• GIVEN ENTRIES:
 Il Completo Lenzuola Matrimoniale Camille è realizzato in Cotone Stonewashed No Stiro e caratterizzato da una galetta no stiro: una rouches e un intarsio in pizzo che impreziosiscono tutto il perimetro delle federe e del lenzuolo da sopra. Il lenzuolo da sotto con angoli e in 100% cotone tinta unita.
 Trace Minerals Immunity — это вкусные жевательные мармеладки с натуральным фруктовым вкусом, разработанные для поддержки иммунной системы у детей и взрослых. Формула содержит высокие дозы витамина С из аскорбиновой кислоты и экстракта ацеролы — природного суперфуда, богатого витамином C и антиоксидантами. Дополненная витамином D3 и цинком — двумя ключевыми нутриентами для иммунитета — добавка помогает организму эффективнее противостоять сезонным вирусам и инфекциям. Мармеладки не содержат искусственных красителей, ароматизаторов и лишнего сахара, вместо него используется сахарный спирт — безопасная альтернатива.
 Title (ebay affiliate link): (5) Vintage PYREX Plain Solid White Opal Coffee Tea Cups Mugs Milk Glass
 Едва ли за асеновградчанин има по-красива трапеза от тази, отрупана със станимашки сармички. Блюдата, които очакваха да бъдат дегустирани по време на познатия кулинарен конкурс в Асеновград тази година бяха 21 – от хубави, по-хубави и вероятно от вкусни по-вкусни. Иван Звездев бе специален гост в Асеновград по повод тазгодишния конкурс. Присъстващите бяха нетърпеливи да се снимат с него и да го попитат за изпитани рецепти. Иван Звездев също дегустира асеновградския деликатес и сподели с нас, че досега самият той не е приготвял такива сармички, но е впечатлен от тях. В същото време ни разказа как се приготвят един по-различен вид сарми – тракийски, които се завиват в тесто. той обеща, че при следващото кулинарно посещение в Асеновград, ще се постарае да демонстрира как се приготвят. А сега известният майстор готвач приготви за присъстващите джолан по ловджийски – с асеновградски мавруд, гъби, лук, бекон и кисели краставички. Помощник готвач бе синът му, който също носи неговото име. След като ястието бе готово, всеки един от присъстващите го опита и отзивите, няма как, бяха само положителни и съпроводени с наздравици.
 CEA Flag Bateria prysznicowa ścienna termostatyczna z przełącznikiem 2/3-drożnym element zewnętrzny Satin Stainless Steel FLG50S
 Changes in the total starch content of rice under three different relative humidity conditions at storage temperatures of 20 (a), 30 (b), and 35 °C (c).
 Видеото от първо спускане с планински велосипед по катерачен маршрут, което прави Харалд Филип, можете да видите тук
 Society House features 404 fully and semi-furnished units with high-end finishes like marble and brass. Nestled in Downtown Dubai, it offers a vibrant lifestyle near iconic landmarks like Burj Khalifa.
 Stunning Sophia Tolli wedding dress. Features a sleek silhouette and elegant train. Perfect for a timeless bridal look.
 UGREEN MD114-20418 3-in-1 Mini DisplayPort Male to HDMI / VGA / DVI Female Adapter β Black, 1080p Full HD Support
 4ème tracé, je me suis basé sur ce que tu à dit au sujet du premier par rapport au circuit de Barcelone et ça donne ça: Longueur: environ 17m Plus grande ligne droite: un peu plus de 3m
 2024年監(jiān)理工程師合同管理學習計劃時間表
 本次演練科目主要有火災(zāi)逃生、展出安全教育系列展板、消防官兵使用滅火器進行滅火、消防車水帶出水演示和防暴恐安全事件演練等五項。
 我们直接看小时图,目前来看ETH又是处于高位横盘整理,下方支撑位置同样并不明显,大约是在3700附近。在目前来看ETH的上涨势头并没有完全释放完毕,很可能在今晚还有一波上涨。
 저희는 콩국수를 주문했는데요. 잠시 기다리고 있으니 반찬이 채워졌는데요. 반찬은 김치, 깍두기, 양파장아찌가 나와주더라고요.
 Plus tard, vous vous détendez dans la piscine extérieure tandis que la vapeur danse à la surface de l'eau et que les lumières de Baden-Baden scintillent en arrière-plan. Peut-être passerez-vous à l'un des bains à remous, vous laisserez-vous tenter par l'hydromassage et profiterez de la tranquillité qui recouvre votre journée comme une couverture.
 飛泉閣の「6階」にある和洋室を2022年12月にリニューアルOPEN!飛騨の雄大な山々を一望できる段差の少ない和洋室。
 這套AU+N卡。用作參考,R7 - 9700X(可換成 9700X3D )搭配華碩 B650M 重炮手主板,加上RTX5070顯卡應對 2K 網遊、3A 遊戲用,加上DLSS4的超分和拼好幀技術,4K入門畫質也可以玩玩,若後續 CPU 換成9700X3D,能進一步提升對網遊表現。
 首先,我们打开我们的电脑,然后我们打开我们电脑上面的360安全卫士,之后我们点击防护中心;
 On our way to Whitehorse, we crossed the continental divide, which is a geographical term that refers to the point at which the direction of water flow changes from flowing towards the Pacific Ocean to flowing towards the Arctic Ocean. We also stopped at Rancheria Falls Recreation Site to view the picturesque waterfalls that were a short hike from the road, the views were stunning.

• EXERCISE DETAILS:
Return the records above verbatim, in their entirety.

• RESULT OF THE TASK:
 Il Completo Lenzuola Matrimoniale Camille è realizzato in Cotone Stonewashed No Stiro e caratterizzato da una galetta no stiro: una rouches e un intarsio in pizzo che impreziosiscono tutto il perimetro delle federe e del lenzuolo da sopra. Il lenzuolo da sotto con angoli e in 100% cotone tinta unita.
 Trace Minerals Immunity — это вкусные жевательные мармеладки с натуральным фруктовым вкусом, разработанные для поддержки иммунной системы у детей и взрослых. Формула содержит высокие дозы витамина С из аскорбиновой кислоты и экстракта ацеролы — природного суперфуда, богатого витамином C и антиоксидантами. Дополненная витамином D3 и цинком — двумя ключевыми нутриентами для иммунитета — добавка помогает организму эффективнее противостоять сезонным вирусам и инфекциям. Мармеладки не содержат искусственных красителей, ароматизаторов и лишнего сахара, вместо него используется сахарный спирт — безопасная альтернатива.
 Title (ebay affiliate link): (5) Vintage PYREX Plain Solid White Opal Coffee Tea Cups Mugs Milk Glass
 Едва ли за асеновградчанин има по-красива трапеза от тази, отрупана със станимашки сармички. Блюдата, които очакваха да бъдат дегустирани по време на познатия кулинарен конкурс в Асеновград тази година бяха 21 – от хубави, по-хубави и вероятно от вкусни по-вкусни. Иван Звездев бе специален гост в Асеновград по повод тазгодишния конкурс. Присъстващите бяха нетърпеливи да се снимат с него и да го попитат за изпитани рецепти. Иван Звездев също дегустира асеновградския деликатес и сподели с нас, че досега самият той не е приготвял такива сармички, но е впечатлен от тях. В същото време ни разказа как се приготвят един по-различен вид сарми – тракийски, които се завиват в тесто. той обеща, че при следващото кулинарно посещение в Асеновград, ще се постарае да демонстрира как се приготвят. А сега известният майстор готвач приготви за присъстващите джолан по ловджийски – с асеновградски мавруд, гъби, лук, бекон и кисели краставички. Помощник готвач бе синът му, който също носи неговото име. След като ястието бе готово, всеки един от присъстващите го опита и отзивите, няма как, бяха само положителни и съпроводени с наздравици.
 CEA Flag Bateria prysznicowa ścienna termostatyczna z przełącznikiem 2/3-drożnym element zewnętrzny Satin Stainless Steel FLG50S
 Changes in the total starch content of rice under three different relative humidity conditions at storage temperatures of 20 (a), 30 (b), and 35 °C (c).
 Видеото от първо спускане с планински велосипед по катерачен маршрут, което прави Харалд Филип, можете да видите тук
 Society House features 404 fully and semi-furnished units with high-end finishes like marble and brass. Nestled in Downtown Dubai, it offers a vibrant lifestyle near iconic landmarks like Burj Khalifa.
 Stunning Sophia Tolli wedding dress. Features a sleek silhouette and elegant train. Perfect for a timeless bridal look.
 UGREEN MD114-20418 3-in-1 Mini DisplayPort Male to HDMI / VGA / DVI Female Adapter β Black, 1080p Full HD Support
 4ème tracé, je me suis basé sur ce que tu à dit au sujet du premier par rapport au circuit de Barcelone et ça donne ça: Longueur: environ 17m Plus grande ligne droite: un peu plus de 3m
 2024年監(jiān)理工程師合同管理學習計劃時間表
 本次演練科目主要有火災(zāi)逃生、展出安全教育系列展板、消防官兵使用滅火器進行滅火、消防車水帶出水演示和防暴恐安全事件演練等五項。
 我们直接看小时图,目前来看ETH又是处于高位横盘整理,下方支撑位置同样并不明显,大约是在3700附近。在目前来看ETH的上涨势头并没有完全释放完毕,很可能在今晚还有一波上涨。
 저희는 콩국수를 주문했는데요. 잠시 기다리고 있으니 반찬이 채워졌는데요. 반찬은 김치, 깍두기, 양파장아찌가 나와주더라고요.
 Plus tard, vous vous détendez dans la piscine extérieure tandis que la vapeur danse à la surface de l'eau et que les lumières de Baden-Baden scintillent en arrière-plan. Peut-être passerez-vous à l'un des bains à remous, vous laisserez-vous tenter par l'hydromassage et profiterez de la tranquillité qui recouvre votre journée comme une couverture.
 飛泉閣の「6階」にある和洋室を2022年12月にリニューアルOPEN!飛騨の雄大な山々を一望できる段差の少ない和洋室。
 這套AU+N卡。用作參考,R7 - 9700X(可換成 9700X3D )搭配華碩 B650M 重炮手主板,加上RTX5070顯卡應對 2K 網遊、3A 遊戲用,加上DLSS4的超分和拼好幀技術,4K入門畫質也可以玩玩,若後續 CPU 換成9700X3D,能進一步提升對網遊表現。
 首先,我们打开我们的电脑,然后我们打开我们电脑上面的360安全卫士,之后我们点击防护中心;
 On our way to Whitehorse, we crossed the continental divide, which is a geographical term that refers to the point at which the direction of water flow changes from flowing towards the Pacific Ocean to flowing towards the Arctic Ocean. We also stopped at Rancheria Falls Recreation Site to view the picturesque waterfalls that were a short hike from the road, the views were stunning.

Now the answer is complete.